Menurut dia, di Passo, sampai sekarang belum ada warga Muslim yang berani kembali dari pengungsian, bahkan ada warga Muslim yang menjual rumahnya. Begitu pula sebaliknya. Pengungsi Kristen yang ada di Passo masih belum berani untuk kembali ke tempat asal mereka. "Meskipun kondisi sudah membaik, perasaan takut itu masih ada. Kalau untuk melancong keluar masuk, setiap saat sudah berjalan. Kami melakukannya sedikit demi sedikitlah, bertahap. Mungkin suatu saat mereka merasa yakin sudah cukup aman untuk kembali, karena ada banyak warga Muslim di Passo yang belum mau sama sekali menjual lahannya, kebunnya, atau rumahnya, karena dia ingin suatu saat nanti kembali. Mereka merasakan hidup mereka dulu di sini tenteram...."

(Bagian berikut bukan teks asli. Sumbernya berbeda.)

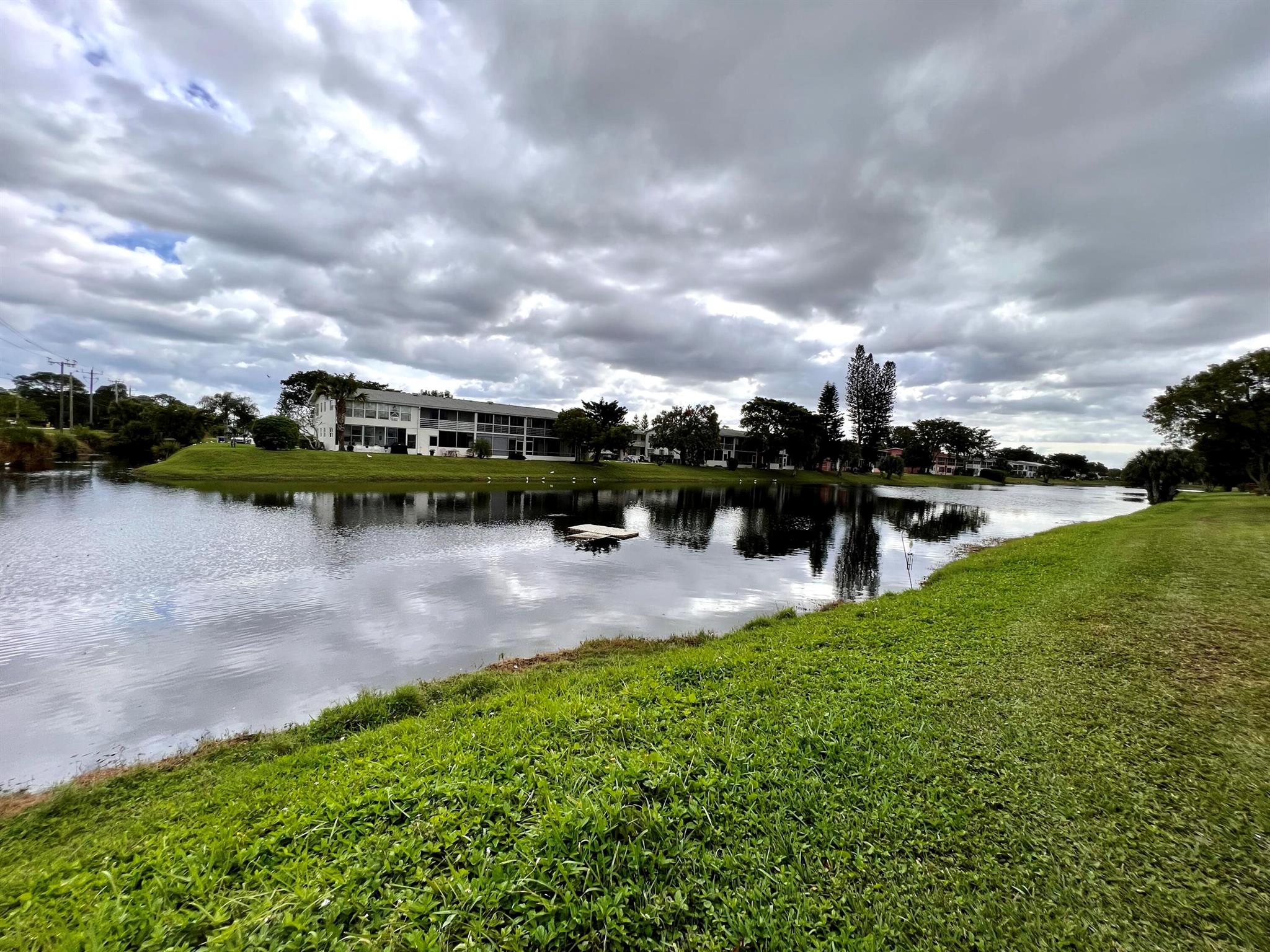 WOW - WATER VIEWS & AMAZING LOCATION IN 55+ CENTURY VILLAGE! Cozy, Private, and Tranquil 2/1.5 First Floor Corner with Water Views from Side & Back. Close to Hastings Fitness Center Via the Footbridge Located Just Steps from Front Door. Updates to Baths. Neutral Tile Flooring in Living Area - Gleaming Wood Look Flooring in Primary Bedroom. Sold AS IS. Building Features A New Roof in 2020. Lovely Tucked Away Peaceful Location Yet Convenient to the Dorchester Pool & Hastings Fitness Center. Century Village resort style 55+ community with so much to offer...

Apa pun nama gerakannya, Baku Bae, Baku Dapa, ataukah Musyawarah Latupatti, sasarannya adalah sama, yaitu membawa masyarakat Maluku bangkit dari puing-puing kerusuhan dan melupakan dendam, merajut dan membangun kembali masa depan dengan hidup rukun berpegang pada pelagandong. Namun, sejumlah latupati dan beberapa pihak menanggapi gerakan-gerakan itu dengan apatis, dengan bercuriga, jangan-jangan gerakan tersebut ditunggangi kepentingan pihak tertentu di luar komunitas Muslim dan Kristen. Mereka beranggapan, tanpa gerakan-gerakan itu, sekarang pun warga Muslim dan warga Kristen sudah baku tau dan baku tegor. Hal itu menurut mereka, tercapai secara alami. (fey)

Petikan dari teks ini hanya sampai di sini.